二氧化碳地质封存系统泄漏风险研究进展

doi:10.3969/j.issn.1006-6535.2022.04.001

摘要/Abstract

摘要： CO₂地质封存技术是缓解温室效应的重要手段,而对于地质封存系统泄漏风险的评价是确保CO₂安全高效封存的前提。针对CO₂泄漏风险,系统论述了CO₂地质封存系统中井筒和盖层因素对CO₂泄漏风险的影响机理,包括固井质量、CO₂腐蚀及井筒组合体受交变应力损坏等,以及盖地比、盖层厚度、岩性等对盖层低速渗漏和高速泄漏的影响。最后,论述了基于上述影响因素综合作用下的井筒泄漏风险评价方法、盖层泄漏风险评价方法和CO₂封存系统泄漏风险综合评价方法,并指出了不同评价方法的优缺点。该研究可为CO₂地质封存工程中的选址、选层和泄漏风险评估提供理论支持。

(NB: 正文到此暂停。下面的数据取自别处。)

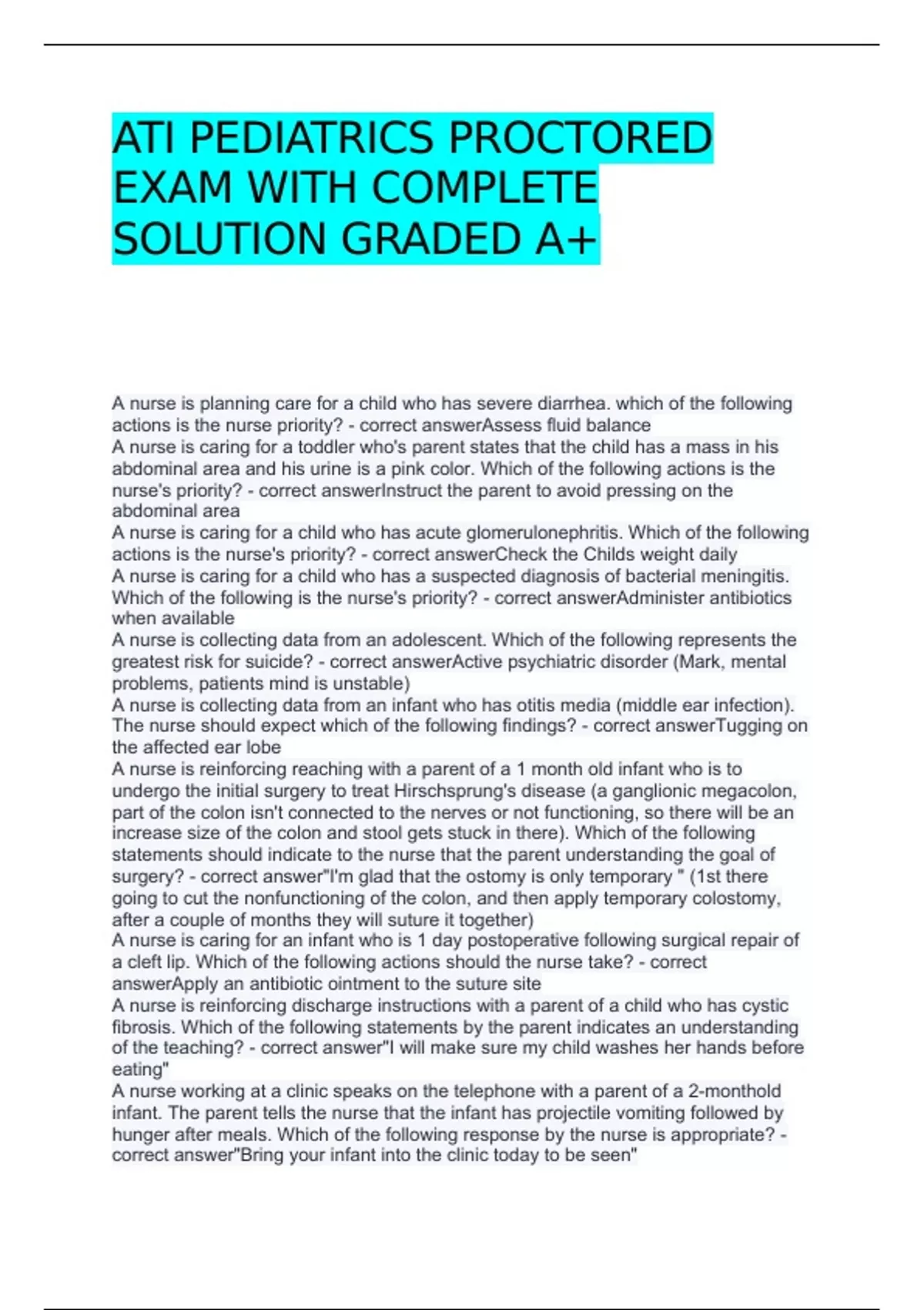 ATI PEDIATRICS PROCTORED EXAM WITH COMPLETE SOLUTION GRADED A+ A nurse is planning care for a child who has severe diarrhea. which of the following actions is the nurse priority? - correct answerAssess fluid balance A nurse is caring for a toddler who's parent states that the child has a mass in his abdominal area and his urine is a pink color. Which of the following actions is the nurse's priority? - correct answerInstruct the parent to avoid pressing on the abdominal area A nurse is caring for a child who has acute glomerulonephritis. Which of the following actions is the nurse's priority? - correct answerCheck the Childs weight daily A nurse is caring for a child who has a suspected diagnosis of bacterial meningitis. Which of the following is the nurse's priority? - correct answerAdminister antibiotics when available A nurse is collecting data from an adolescent. Which of the following represents the greatest risk for suicide? - correct answerActive psychiatric disorder (Mark, mental problems, patients mind is unstable) A nurse is collecting data from an infant who has otitis media (middle ear infection). The nurse should expect which of the following findings? - correct answerTugging on the affected ear lobe A nurse is reinforcing reaching with a parent of a 1 month old infant who is to undergo the initial surgery to treat Hirschsprung's disease (a ganglionic megacolon, part of the colon isn't connected to the nerves or not functioning, so there will be an increase size of the colon and stool gets stuck in there). Which of the following statements should indicate to the nurse that the parent understanding the goal of surgery? - correct answer"I'm glad that the ostomy is only temporary " (1st there going to cut the nonfunctioning of the colon, and then apply temporary colostomy, after a couple of months they will suture it together) A nurse is caring for an infant who is 1 day postoperative following surgical repair of a cleft lip. Which of the following actions should the nurse take? - correct answerApply an antibiotic ointment to the suture site A nurse is reinforcing discharge instructions with a parent of a child who has cystic fibrosis. Which of the following statements by the parent indicates an understanding of the teaching? - correct answer"I will make sure my child washes her hands before eating" A nurse working at a clinic speaks on the telephone with a parent of a 2-monthold infant. The parent tells the nurse that the infant has projectile vomiting followed by hunger after meals. Which of the following response by the nurse is appropriate? - correct answer"Bring your infant into the clinic today to be seen" A nurse is caring for a 4 year old child who is 2 days postoperative following the insertion of a ventriculoperitoneal shunt. Which of the following findings should the nurse identify as the priority . (causes icp hydrocephalus) - correct answerlethargy (high pitched cry, respiratory changes, bradycardia, wide pulse pressure, irritability a nurse is caring for a child following an open reduction and internal fixation of a fractured femur and application of a cast. The cast has a window cut in it for viewing of the incision. Which of the following actions should the nurse take first? - correct answerPerform neurovascular checks of the affected extremity (check for infection, color, capillary refill, redness) A nurse is an urgent care clinic is assisting with the care of a toddler who ingested 30 tablets of aspirin. Which of the following substances should the nurse administer to the toddler? - correct answerActivated charcoal (can work with toxin, poison. Given through ng tube absorbs toxins) A nurse is caring for a 3 year old client who has persistent otitis media. To help identify contributing factors, the nurse should ask the parents which of the following questions? - correct answerDoes anyone smoke in the same house as your daughter? (smoking can cause irritation, cause mucus in respiratory and causes otitis media?) (otitis media is purulent color) A nurse is collecting data from a 2 year old toddler who has AIDS. The nurse should inspect inside the toddler mouth for which of the following opportunistic infections (fungus infections is usually opportunistic infections)? - correct answerCandidiasis (also called oral thrush) A nurse is caring for a 4 year old child who has dehydration. Which of the following findings should the nurse identify as the priority? - correct answerPotassium 2.5 mEq/L A nurse is caring for a child who Is postoperative following the insertion of a ventriculorperitoneal shunt. The nurse should place the child in which of the following positions? - correct answerOn the nonoperative side A nurse is caring for an infant who is dehydrated and requires IV therapy. The nurse should monitor the infant response to therapy by performing which of the following actions? - correct answerweighing the infants at the same time everyday A nurse is caring for a preschool age child who has croup. Which of the following findings should the nurse report to the provider? - correct answerDrooling (that could mean it can mean there's an epiglottitis causes obstruction of the airway) A nurse is collecting data from an infant who has hypertrophic pyloric stenosis. Which of the following findings should the nurse expect? - correct answerProjectile vomiting A school nurse is screening an 11-year-old child for idiopathic scoliosis. Which of the following instructions should the nurse give the child for this examination? - correct answerBend forward from the waist with your head and arms downward A nurse is collecting data from an infact. Which of the following sites is the most reliable location to check the infats pulse ? - correct answerApical A nurse is reinforcing teaching with a parent of a child who has eczema. Which of th following instructions should the nurse include in the teaching - correct answerApply a cool wet compress to the affected area A nurse is caring

关键词: CO₂地质封存, CO₂泄漏, 井筒, 盖层, CO₂腐蚀, 固井质量

Abstract: CO₂ geosequestration technology is an important method to mitigate the greenhouse effect, and the evaluation of leakage risk in geosequestration system is a prerequisite to ensure the safe and efficient sequestration of CO₂. To address the risk of CO₂ leakage, the influence of wellbore and caprock factors on the risk of CO₂ leakage in CO₂ geosequestration system was systematically discussed, including the quality of cementing, CO₂ corrosion and damage to the wellbore assembly by alternating stress, as well as the influence of caprock-formation ratio, caprock thickness and lithology on low-speed seepage and high-speed leakage of caprock. Finally, the wellbore leakage risk evaluation method, the caprock leakage risk evaluation method and the CO₂ sequestration system leakage risk evaluation method based on the combined action of the above influencing factors were discussed, and the advantages and disadvantages of different evaluation methods were pointed out. The study provides theoretical support for site selection, formation selection and leakage risk evaluation in CO₂ geosequestration works.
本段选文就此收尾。